Exercise description:
Set the whole listing down again exactly as written.

Input data:
+ + + + + + +

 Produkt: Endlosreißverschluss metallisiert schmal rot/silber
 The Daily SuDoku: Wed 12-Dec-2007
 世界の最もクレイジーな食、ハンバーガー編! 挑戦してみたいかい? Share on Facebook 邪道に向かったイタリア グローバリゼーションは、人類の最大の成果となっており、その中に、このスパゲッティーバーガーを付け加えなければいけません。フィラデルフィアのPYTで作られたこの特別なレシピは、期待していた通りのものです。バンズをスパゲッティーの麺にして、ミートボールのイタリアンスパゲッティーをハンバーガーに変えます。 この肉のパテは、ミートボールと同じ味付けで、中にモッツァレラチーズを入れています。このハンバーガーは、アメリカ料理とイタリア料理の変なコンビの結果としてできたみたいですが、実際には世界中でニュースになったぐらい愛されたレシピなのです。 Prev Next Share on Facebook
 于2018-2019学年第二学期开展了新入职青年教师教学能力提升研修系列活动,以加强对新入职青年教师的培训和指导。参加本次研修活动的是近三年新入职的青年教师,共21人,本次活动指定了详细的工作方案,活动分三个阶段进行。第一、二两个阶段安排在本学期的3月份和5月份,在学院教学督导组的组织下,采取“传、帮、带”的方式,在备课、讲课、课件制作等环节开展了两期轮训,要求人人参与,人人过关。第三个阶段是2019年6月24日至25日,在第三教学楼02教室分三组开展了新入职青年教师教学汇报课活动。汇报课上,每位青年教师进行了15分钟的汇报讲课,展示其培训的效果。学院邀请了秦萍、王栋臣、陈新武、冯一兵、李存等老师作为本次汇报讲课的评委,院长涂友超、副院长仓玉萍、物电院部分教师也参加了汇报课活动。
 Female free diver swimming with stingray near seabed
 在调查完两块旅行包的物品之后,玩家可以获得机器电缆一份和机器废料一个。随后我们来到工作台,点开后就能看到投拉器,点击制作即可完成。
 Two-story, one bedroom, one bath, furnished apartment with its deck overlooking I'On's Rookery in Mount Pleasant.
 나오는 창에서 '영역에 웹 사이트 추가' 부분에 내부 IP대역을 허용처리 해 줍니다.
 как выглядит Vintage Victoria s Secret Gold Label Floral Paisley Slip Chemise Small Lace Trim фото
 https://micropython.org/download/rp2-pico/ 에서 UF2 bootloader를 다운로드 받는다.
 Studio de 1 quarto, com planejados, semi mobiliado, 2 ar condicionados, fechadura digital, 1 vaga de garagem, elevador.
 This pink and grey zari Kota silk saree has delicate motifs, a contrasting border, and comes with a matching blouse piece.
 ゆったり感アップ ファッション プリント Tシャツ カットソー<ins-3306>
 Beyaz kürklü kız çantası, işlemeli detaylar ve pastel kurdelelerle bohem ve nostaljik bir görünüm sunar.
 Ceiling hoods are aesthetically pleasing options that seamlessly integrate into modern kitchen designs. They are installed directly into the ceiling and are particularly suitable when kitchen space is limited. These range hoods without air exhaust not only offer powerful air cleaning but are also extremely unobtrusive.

+ + + + + + +

Written answer:
 Produkt: Endlosreißverschluss metallisiert schmal rot/silber
 The Daily SuDoku: Wed 12-Dec-2007
 世界の最もクレイジーな食、ハンバーガー編! 挑戦してみたいかい? Share on Facebook 邪道に向かったイタリア グローバリゼーションは、人類の最大の成果となっており、その中に、このスパゲッティーバーガーを付け加えなければいけません。フィラデルフィアのPYTで作られたこの特別なレシピは、期待していた通りのものです。バンズをスパゲッティーの麺にして、ミートボールのイタリアンスパゲッティーをハンバーガーに変えます。 この肉のパテは、ミートボールと同じ味付けで、中にモッツァレラチーズを入れています。このハンバーガーは、アメリカ料理とイタリア料理の変なコンビの結果としてできたみたいですが、実際には世界中でニュースになったぐらい愛されたレシピなのです。 Prev Next Share on Facebook
 于2018-2019学年第二学期开展了新入职青年教师教学能力提升研修系列活动,以加强对新入职青年教师的培训和指导。参加本次研修活动的是近三年新入职的青年教师,共21人,本次活动指定了详细的工作方案,活动分三个阶段进行。第一、二两个阶段安排在本学期的3月份和5月份,在学院教学督导组的组织下,采取“传、帮、带”的方式,在备课、讲课、课件制作等环节开展了两期轮训,要求人人参与,人人过关。第三个阶段是2019年6月24日至25日,在第三教学楼02教室分三组开展了新入职青年教师教学汇报课活动。汇报课上,每位青年教师进行了15分钟的汇报讲课,展示其培训的效果。学院邀请了秦萍、王栋臣、陈新武、冯一兵、李存等老师作为本次汇报讲课的评委,院长涂友超、副院长仓玉萍、物电院部分教师也参加了汇报课活动。
 Female free diver swimming with stingray near seabed
 在调查完两块旅行包的物品之后,玩家可以获得机器电缆一份和机器废料一个。随后我们来到工作台,点开后就能看到投拉器,点击制作即可完成。
 Two-story, one bedroom, one bath, furnished apartment with its deck overlooking I'On's Rookery in Mount Pleasant.
 나오는 창에서 '영역에 웹 사이트 추가' 부분에 내부 IP대역을 허용처리 해 줍니다.
 как выглядит Vintage Victoria s Secret Gold Label Floral Paisley Slip Chemise Small Lace Trim фото
 https://micropython.org/download/rp2-pico/ 에서 UF2 bootloader를 다운로드 받는다.
 Studio de 1 quarto, com planejados, semi mobiliado, 2 ar condicionados, fechadura digital, 1 vaga de garagem, elevador.
 This pink and grey zari Kota silk saree has delicate motifs, a contrasting border, and comes with a matching blouse piece.
 ゆったり感アップ ファッション プリント Tシャツ カットソー<ins-3306>
 Beyaz kürklü kız çantası, işlemeli detaylar ve pastel kurdelelerle bohem ve nostaljik bir görünüm sunar.
 Ceiling hoods are aesthetically pleasing options that seamlessly integrate into modern kitchen designs. They are installed directly into the ceiling and are particularly suitable when kitchen space is limited. These range hoods without air exhaust not only offer powerful air cleaning but are also extremely unobtrusive.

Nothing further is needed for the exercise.